| What the task asks |
Would you transcribe exactly the lines from the beginning of the records below through the line with "Close-up of yellow", both included, omitting the pictures?

Top of Provided entries

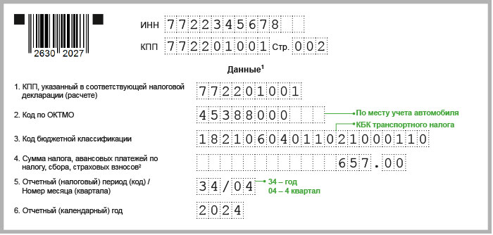 | Поле платежки | Как заполнить |
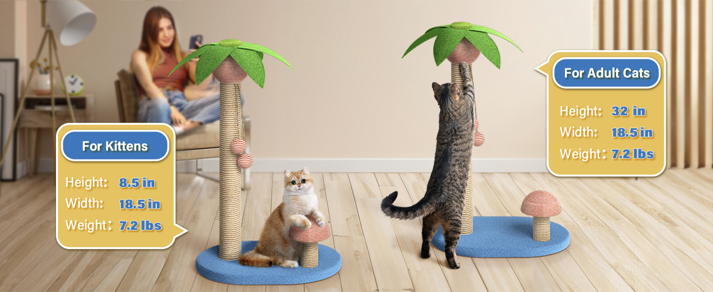 【🌴Companionship is the best gift】This cat scratching post can accompany kittens into adulthood. The short cat scratcher is 8 inches high, suitable for kittens to play with; The tall scratching post is 32 inches, enough for an adult cat to stretch out.
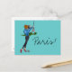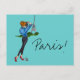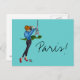 Un chica en París tomando una foto de la Torre Eiffel. "¡París!" está escrito al otro lado del frente.
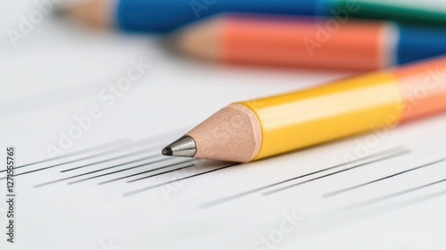 Close-up of yellow pencil on lined paper. Possible use Education, stationery
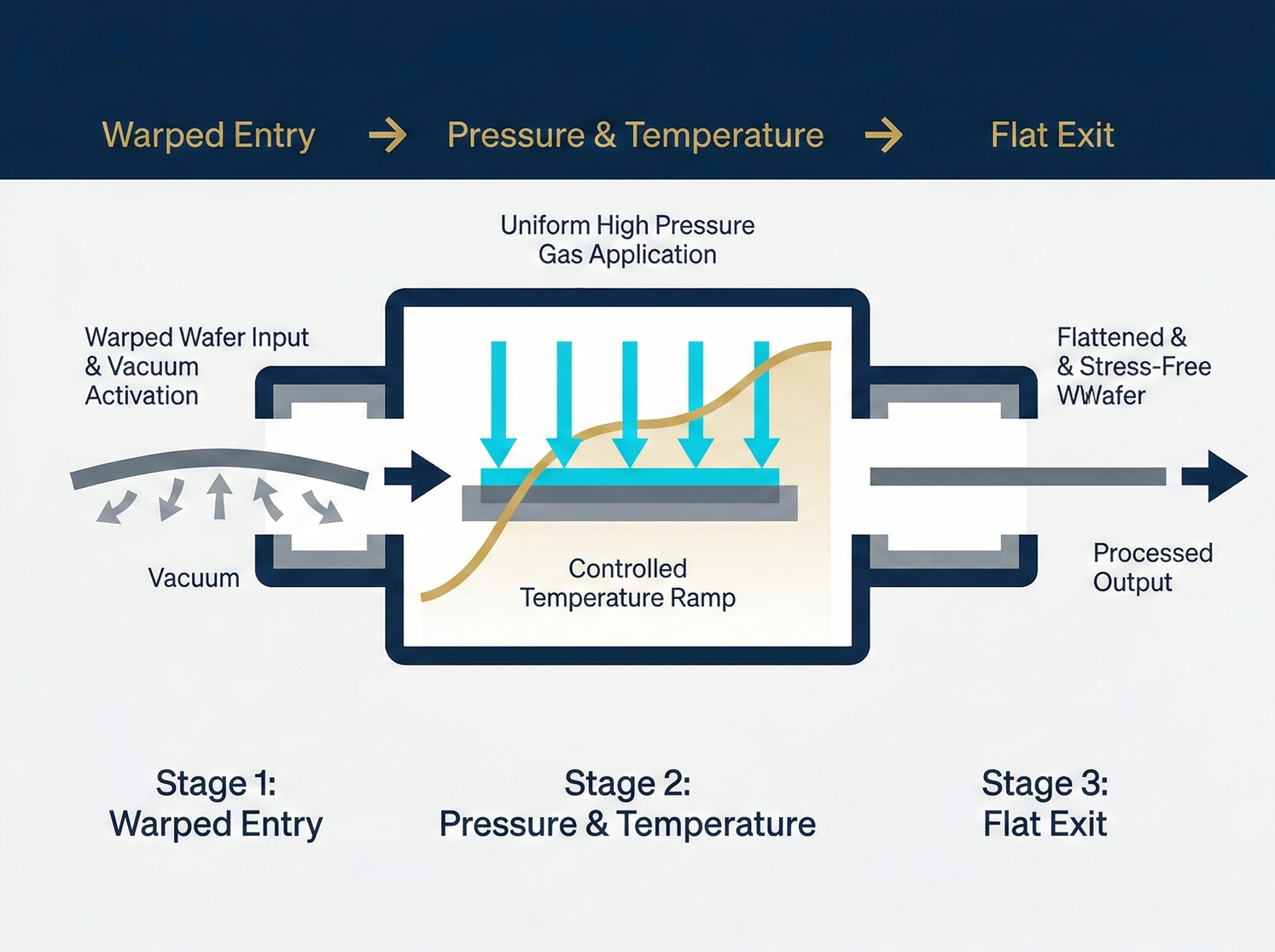 - Precise Pressurization and Heating: Next, the machine injects high-pressure nitrogen gas, applying an "absolutely uniform gas pressure" to the wafer surface, while simultaneously beginning to slowly and precisely increase the temperature.
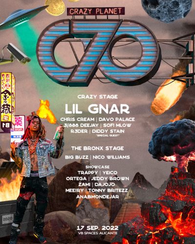 En la 070 tienen experiencia en habilitar distintos espacios para que no te aburras en ningún momento de la noche y puedas cambiar rápidamente de rollo/estilo. Esta vez, en el escenario Crazy Stage actuará Lil Gnar y contaremos también con la participación de Chris Cream, Davo Palace, 3/888 deejay, Sofi Mlow, R3der y Diddy Stain.
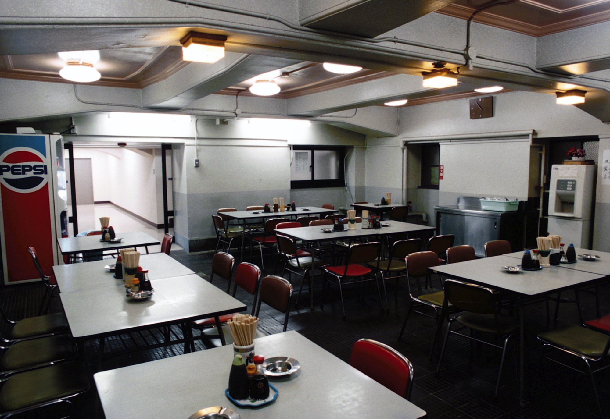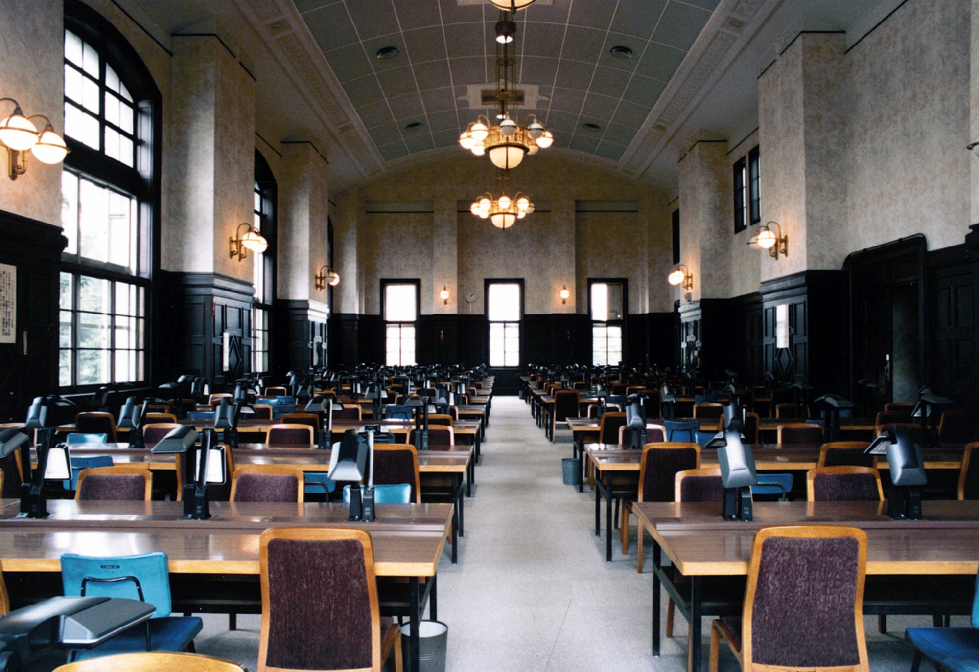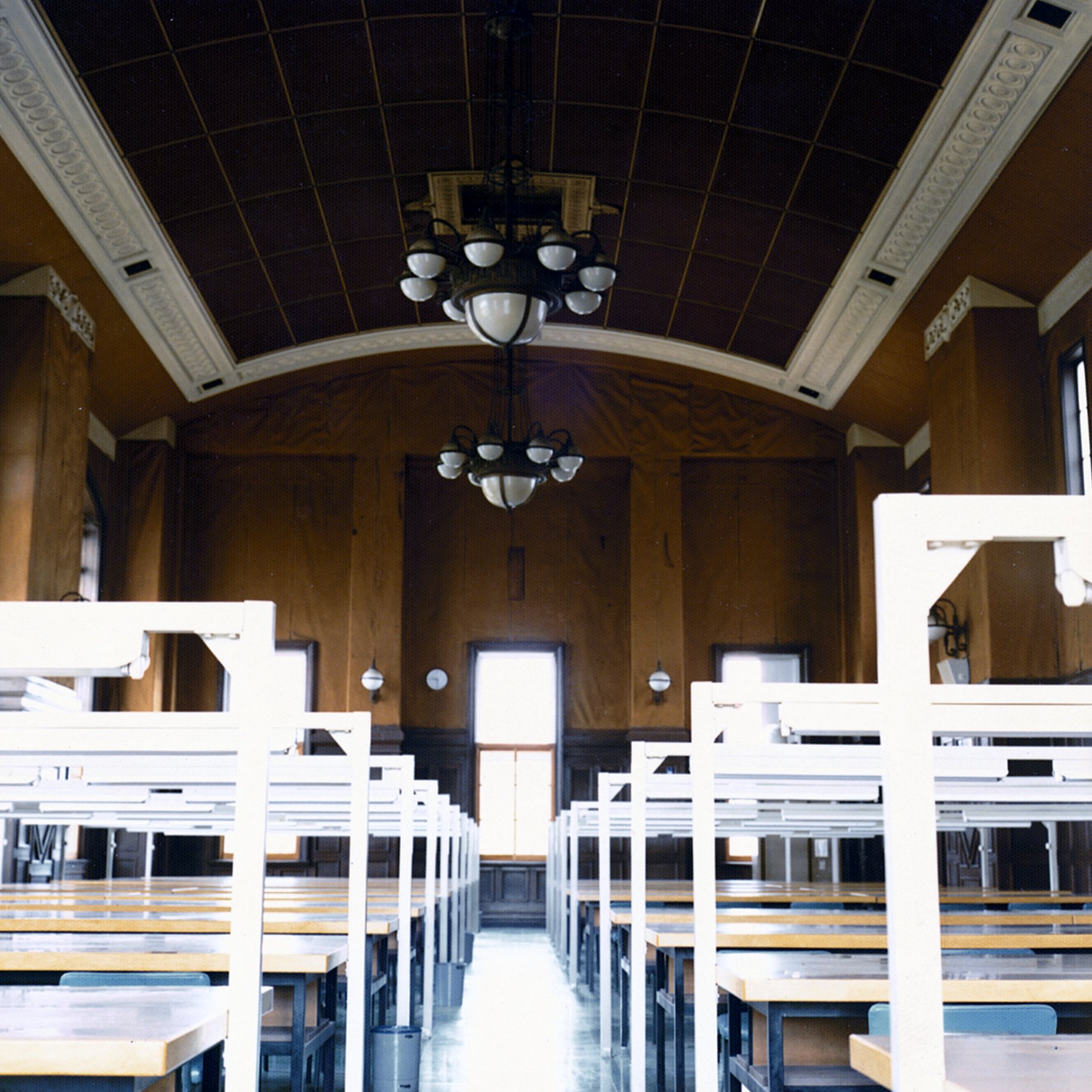 昭和の後期にはこのような机が設置され、閲覧室として利用されていました。天井が高いために、明るさを確保する目的で蛍光灯が机に固定されています。

Bottom of Provided entries

| Expected answer |
 | Поле платежки | Как заполнить |
 【🌴Companionship is the best gift】This cat scratching post can accompany kittens into adulthood. The short cat scratcher is 8 inches high, suitable for kittens to play with; The tall scratching post is 32 inches, enough for an adult cat to stretch out.
 Un chica en París tomando una foto de la Torre Eiffel. "¡París!" está escrito al otro lado del frente.
 Close-up of yellow pencil on lined paper. Possible use Education, stationery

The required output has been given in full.